Should I Integrate a Stub Zone into AD?
AD-integrated zones have a lot of advantages, including fault tolerance
and reduced network bandwidth. But the primary reason to use AD to host
a DNS zone is security for dynamic DNS updates.
A standard primary zone resides in a text file. One server, and one server only, has Read/Write access to that file: The primary master DNS server. The remaining DNS servers either pull secondary copies of the zone via classic zone transfers or act as caching servers. This classic DNS configuration has no mechanism for preventing a rogue machine from dynamically registering thousands of records or overwriting existing records. This is called zone poisoning and it can happen accidentally as well as from a malicious act. When you integrate a zone into AD, the system uses standard object-based security to protect the resource records.
A stub zone doesn’t contain any records that can be dynamically updated.
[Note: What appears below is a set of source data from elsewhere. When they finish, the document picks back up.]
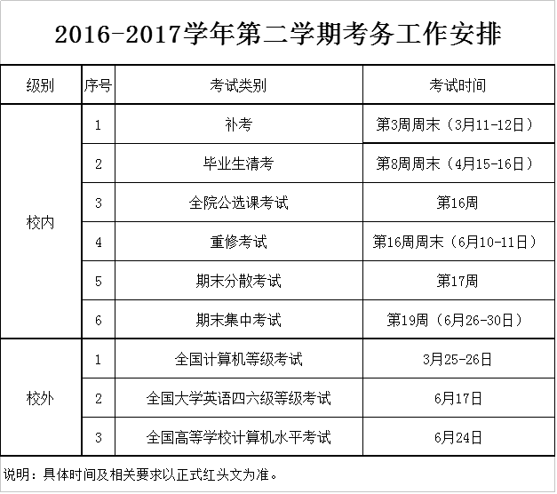 2016-2017学年第二学期考务工作安排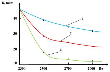 Figure 1. Variation of water globule diameters (D) as a function of the flow regime Re number during well product transfer: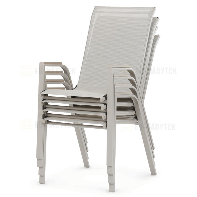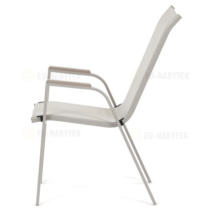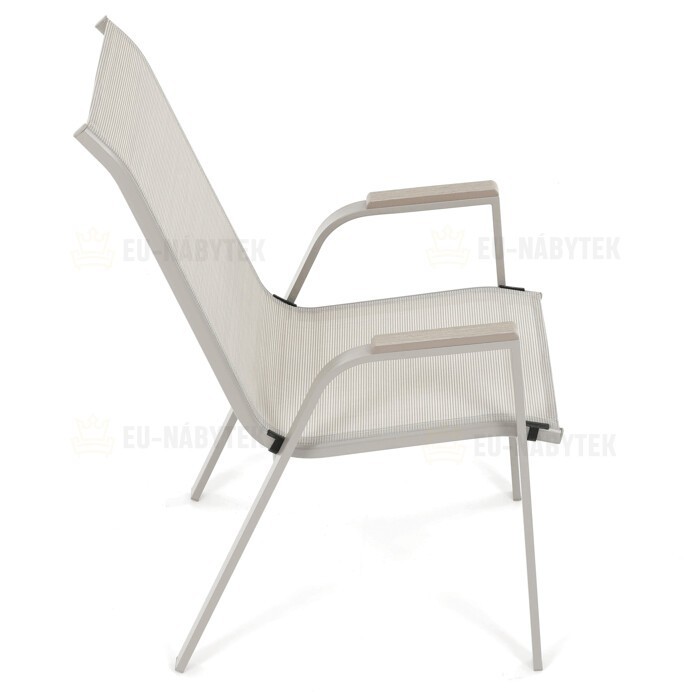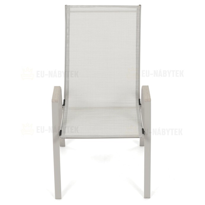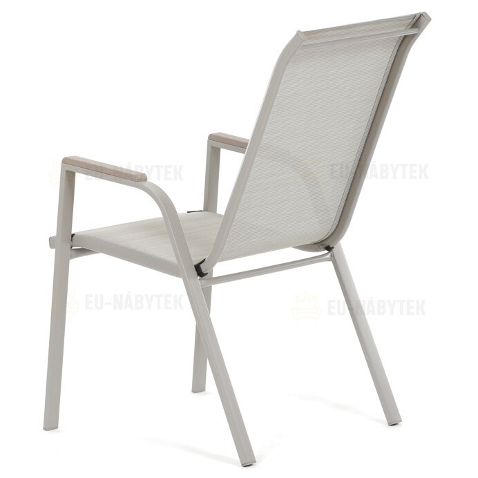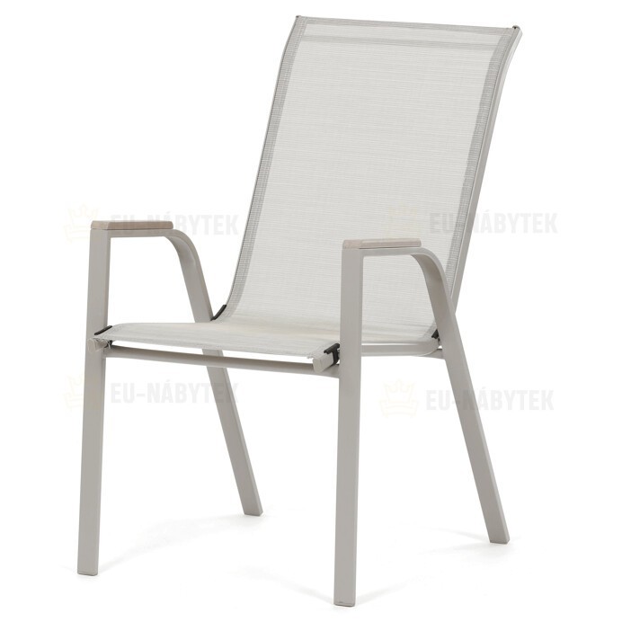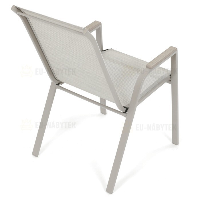 Zahradní židle v béžovém provedení kombinuje pevný rám s polywoodovými područkami v dekoru dubu, které dodávají přírodní vzhled a snadnou údržbu. Sedák a opěradlo jsou potažené odolnou síťovinou, která je příjemná na dotek a umožňuje pohodlné sezení i během teplých dnů díky své prodyšnosti. Konstrukce židle je navržena tak, aby byla stohovatelná, což usnadňuje její skladování a manipulaci. Stabilní kovová podnož zajišťuje bezpečné a pevné opření na různých površích. Díky kombinaci materiálů a designu je židle vhodná pro venkovní použití na terasách, zahradách či balkonech.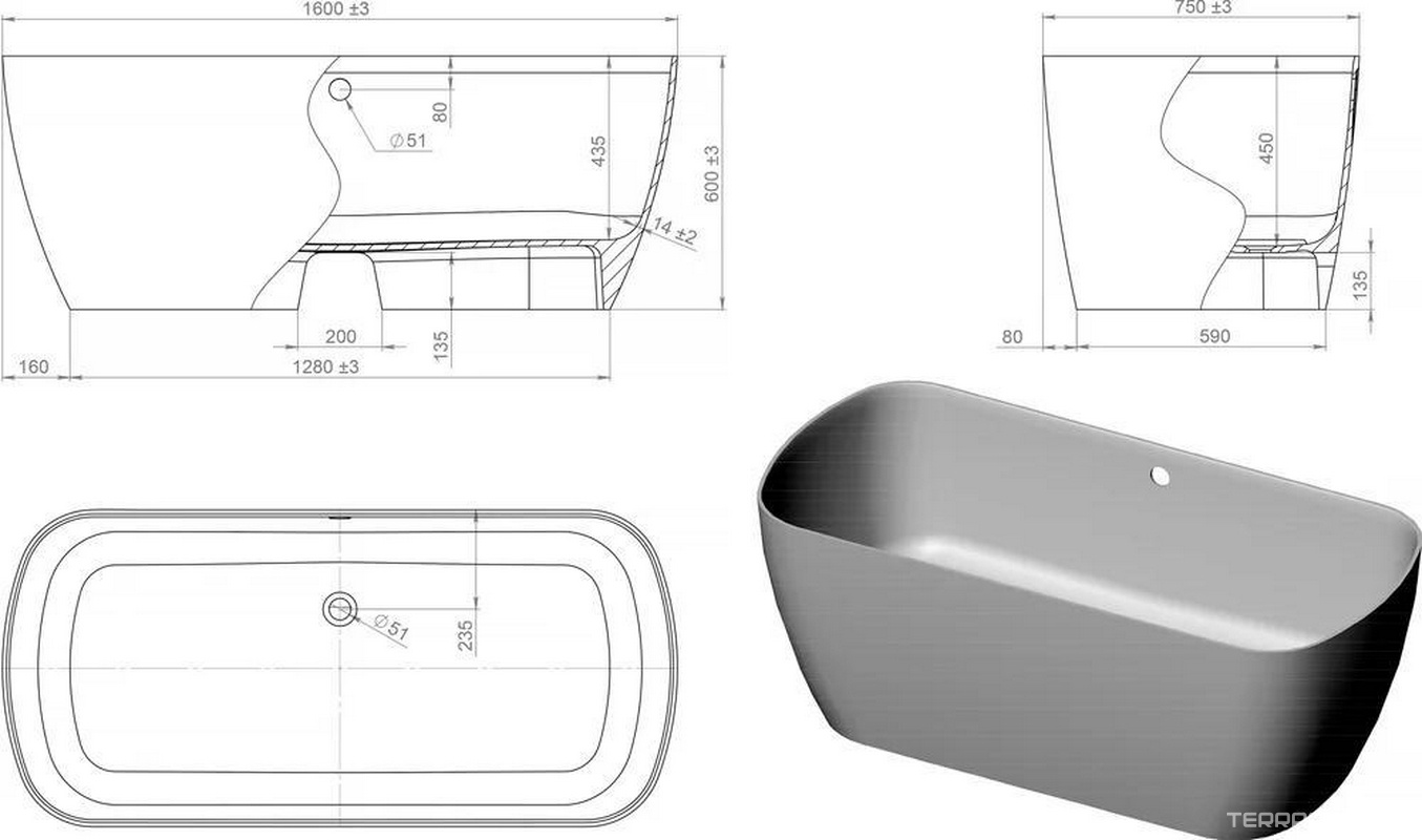 Ванна Антарес, литой мрамор 1600х750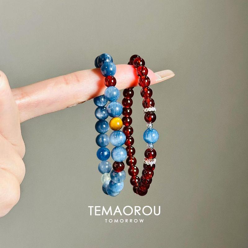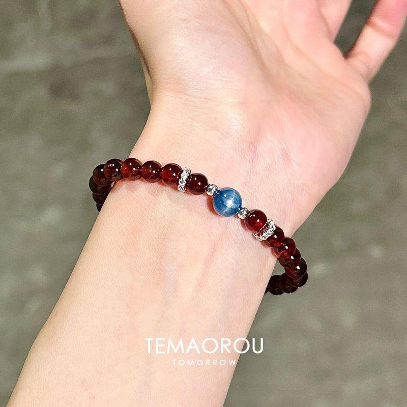 Pulsera de granate cianita chino "Xinghai Chimi Dream", nueva, retro, de alta calidad, blanca, elegante, con superposiciones.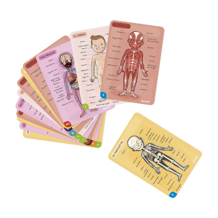 - Aprenderán sobre el esqueleto, los órganos, los músculos y el cuerpo humano en general, con tarjetas detalladas que explican cada parte y su función.
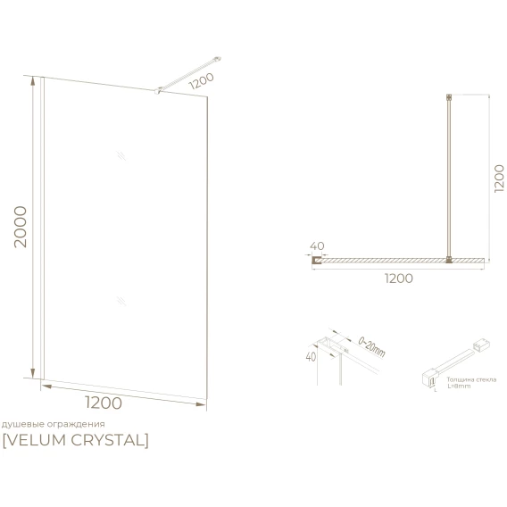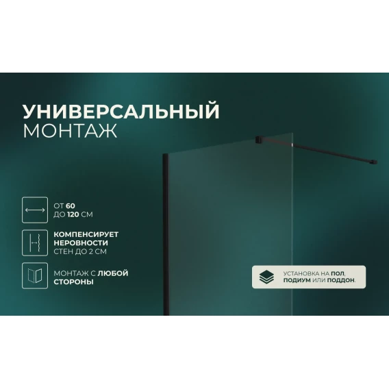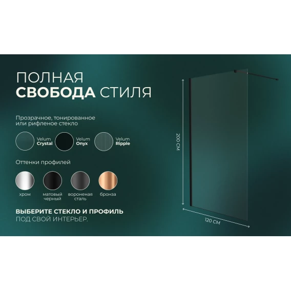 Душевая перегородка Knotlor Velum WI120CG0BL 120 см, профиль черный матовый, стекло прозрачное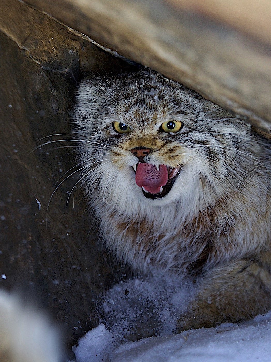 Основная трудность при съёмке дикого "краснокнижного" кота - увидеть его... Манул крайне осторожен, медленно перемещается ,при малейшем сомнении залезает в сурочью нору или под камень.Если рядом нет чего-то подходящего ,то прижимается к Земле-матушке и замирает. Словом старается избегать конфликтных ситуаций. Но если придётся встретить врага... Не извольте сомневаться, в гневе манул страшен!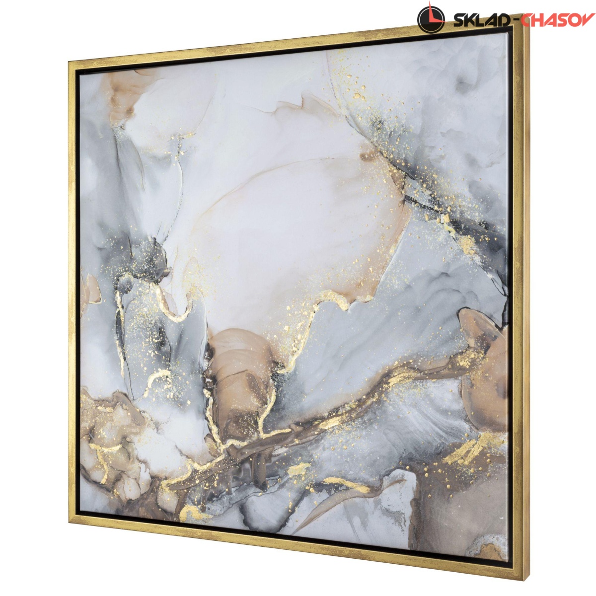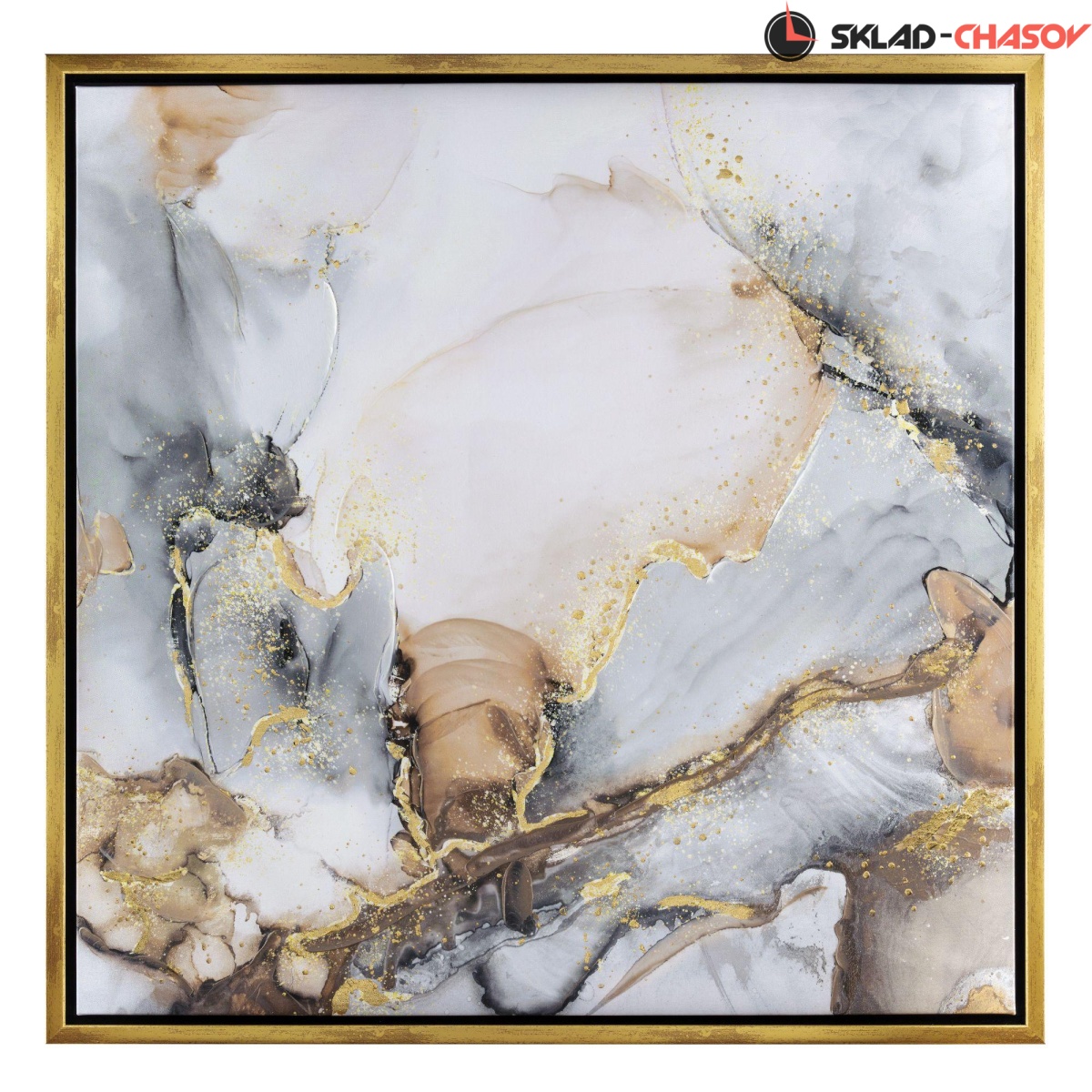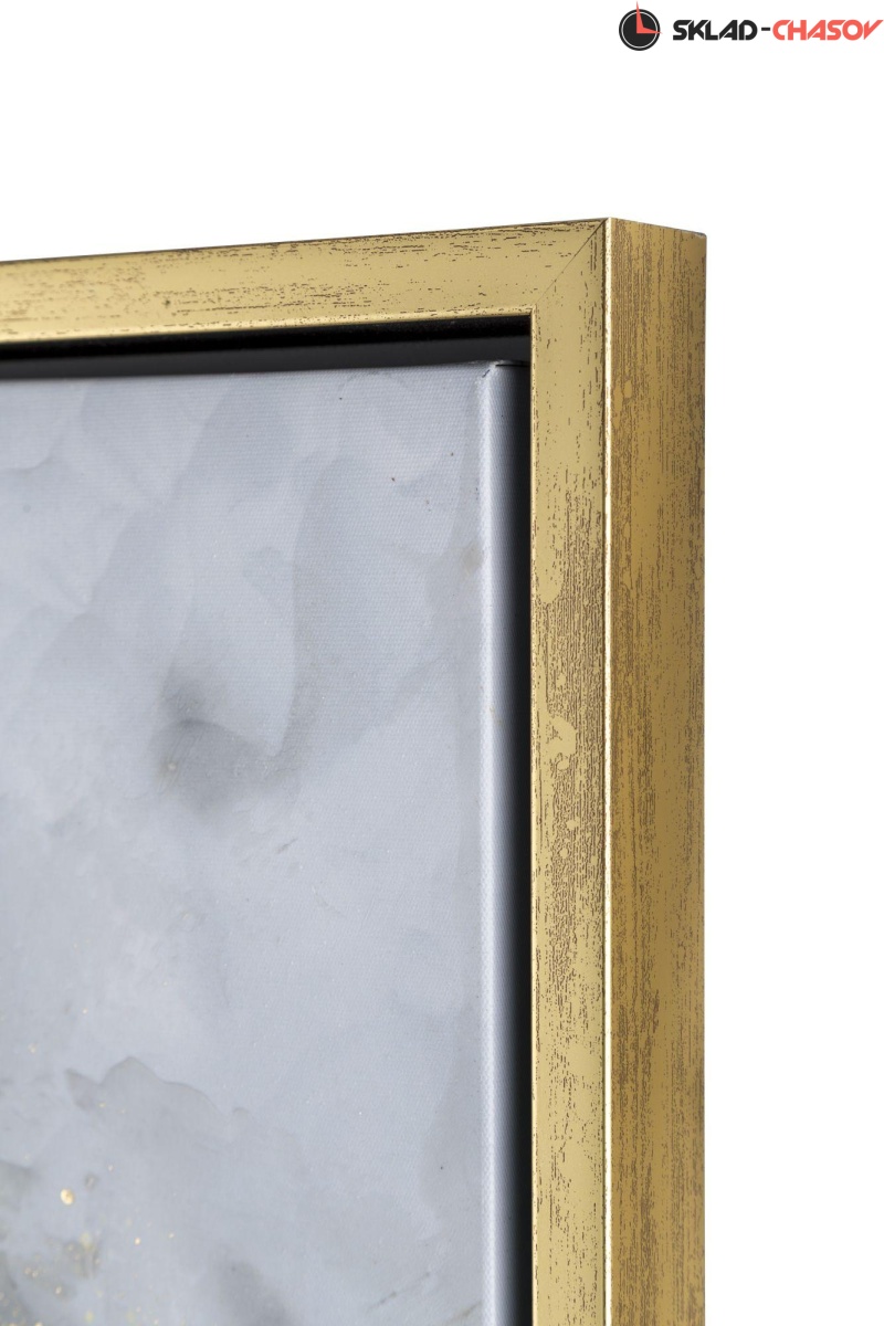 Подрамник выполнен из массива дерева, объемная пластиковая рама золотого цвета. Возможно горизонтальное или вертикальное размещение

In the example of the root.tld and child.root.tld zones, if a Windows 2000 or Windows XP client in child.root.tld points at a DNS server in root.tld, it won’t attempt to dynamically register its A and PTR records by sending update requests to the root.tld server. Instead, it obtains an SOA record that points at the primary master for child.root.tld and refreshes its records on that server.
That being said, you can save yourself some work by integrating the stub zone into DNS because AD replication will distribute the zone updates to every DC running DNS. And because Windows 2003 DNS permits targeting of DNS zone replication to selected servers based on the naming context that contains the zone records, you have a lot of control over which servers host the stub zone. Flexibility, control and security: all good reasons for using AD-integrated zones for stub zones.
But—and this is a major “but”—to use AD-integrated stub zones,
you must deploy at least one Windows 2003 DC and configure the stub zone
at that server. This involves updating the AD Schema and making other
changes to your forest. This work will probably take you a while to start,
even if you begin planning and lab testing immediately.
Will Stub Zones Show up in Matrix Revolutions?
I wasn’t able to find any mention of stub zones in the movie. However,
I’m sure that if Neo is indeed the One, he’ll be able to resolve host
names into IP addresses for any zone, whether inside or outside the Matrix.